[Date Prev][Date Next][Thread Prev][Thread Next][Date Index][Thread Index]

Re: Sorting in runners

IMO, going with SortValues is the right way to go. The idea is that runners can always replace the SortValues PTransform with their own optimized variant. As you have already pointed out, the default inmemory implementation has strict limitations.

I would suggest going with the inmemory version to unblock yourself and doing some more digging to figure out why GCS was disallowed explicitly, and possibly answers to your disk provisioning questions.

On Tue, Aug 7, 2018 at 11:08 AM Rui Wang <ruwang@xxxxxxxxxx> wrote:
Hi Community,

I am trying to support ORDER BY in BeamSQL (currently in global window only, see BEAM-5064). In order to do so, I need to sort PCollection<Row>. The scale of dataset that ORDER BY works on is unknown. It might be up to TB sized dataset if BeamSQL runs on some benchmarks. But in the most cases, the sorting shouldn't work on too large dataset.

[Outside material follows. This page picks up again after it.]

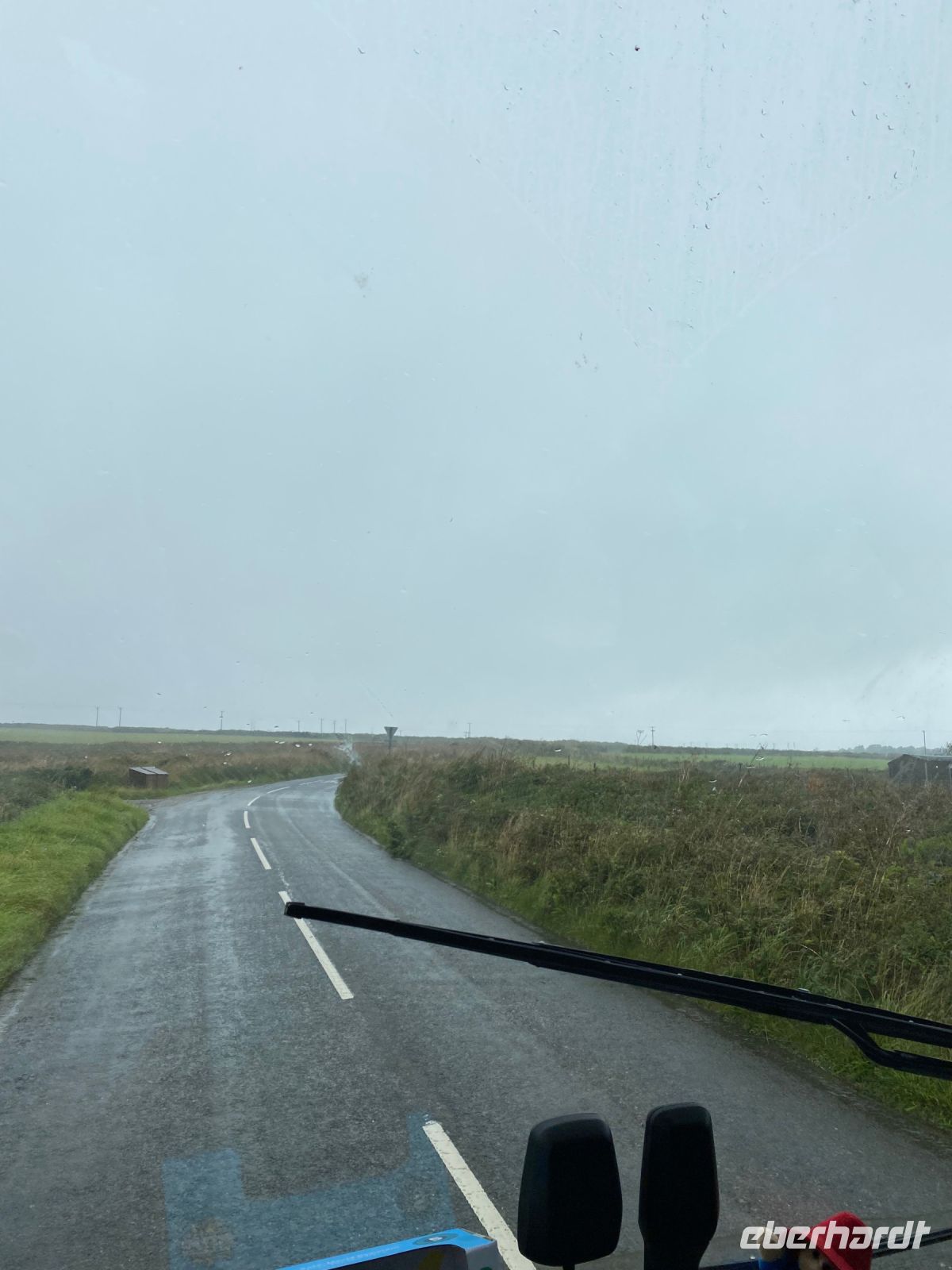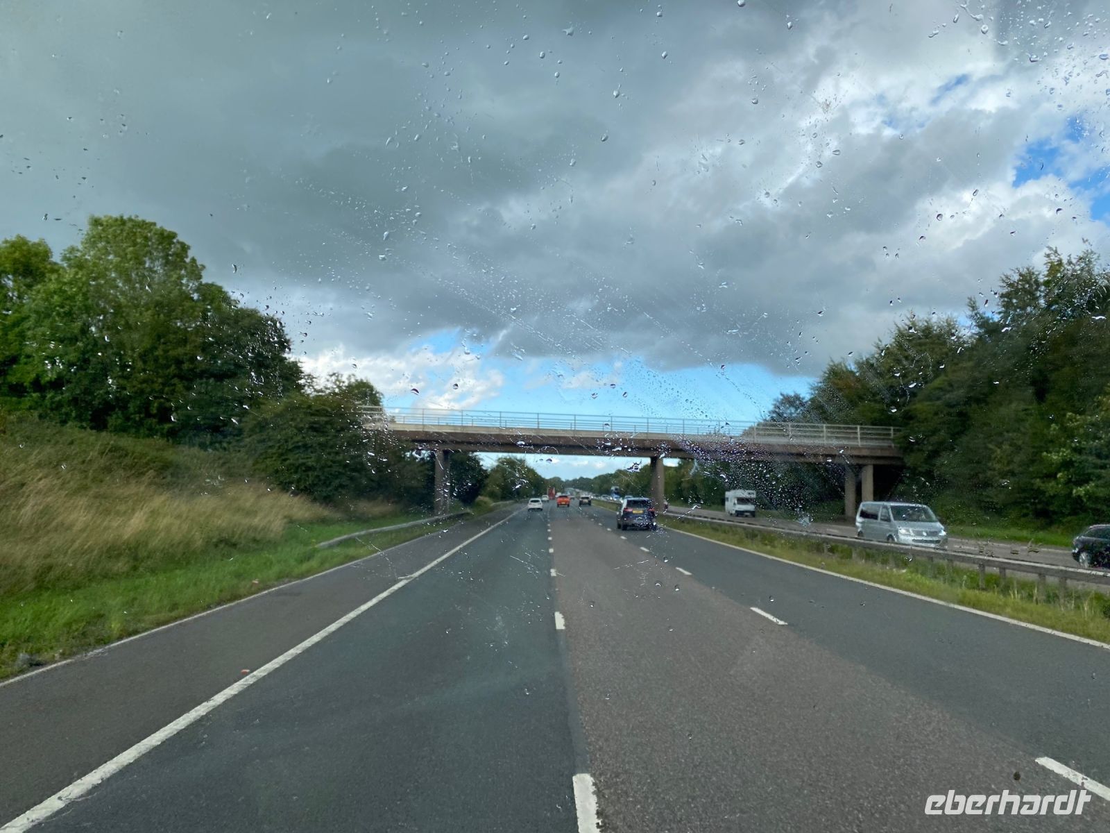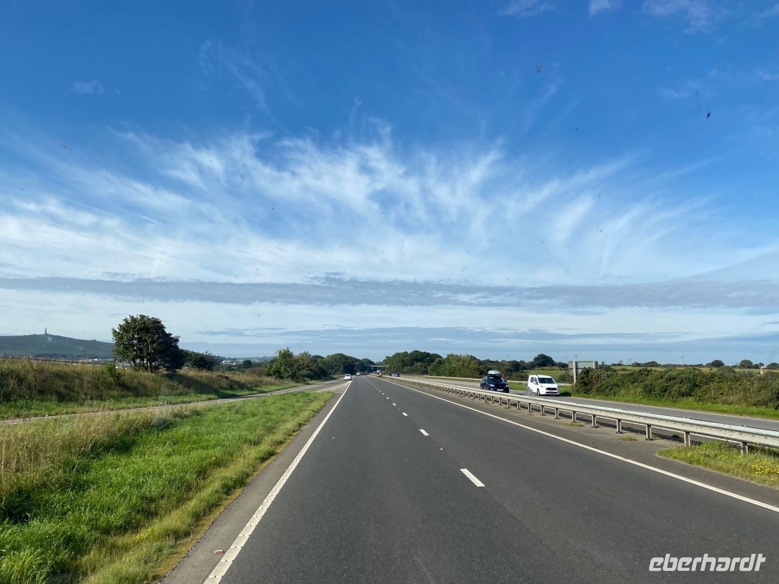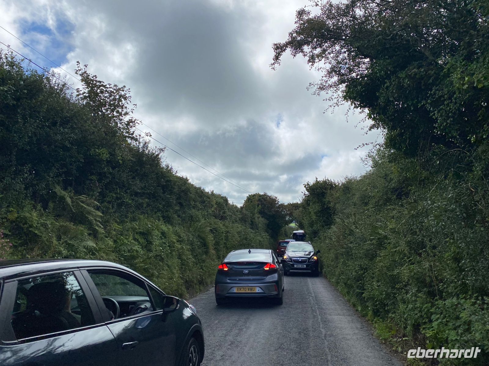Auf der Rückfahrt begegnen wir an der engsten Straßenstelle einem gewaltigen Traktor mit Anhänger, vollbeladen mit Grasballen. Was nun? Im Prinzip ist es wohl so, dass die Fahrer immer besser werden, je größer ihr Fahrzeug ist. In Minutenschnelle rangiert der Traktorist sein Gefährt weit über hundert Meter zurück, bergauf um Kurven und dann rechtwinklig in eine Feldeinfahrt hinein, very impressive! Ein kurzer Gedanke an den Kleinwagen von Boscastle, der keine 15 Meter rückwärts geradeaus schaffte, verfliegt rasch wieder. Bald schon sind wir wieder auf einer großen Straße, die in England A-road genannt wird.

The safe approach is to sort PCollection<Row> in memory because memory access should be guaranteed in runners. One possible way is: Combine.globally(new sortCombineFn()), where sortCombineFn can does Merge Sort. This approach is bounded by size of memory on a single machine.

External sorting could be more scalable by using storage (e.g. disk). There are some code in beam/sdks/java/extensions/sorter that is doing it. However, seems like GCS is not allowed in ExternalSorter in that sorter module. Assuming ExternalSorter by default uses disk, it is unclear if runners can access disk and how disk space are provisioned. Another observation is ExternalSorter does not clean up generated files during sorting.

My question is, in major runners (direct, dataflow, spark, flink, e,g,), if disk is accessible so it is safe to go with external sorting approach regardless of disk space? Also, is there better practice to sort in Beam?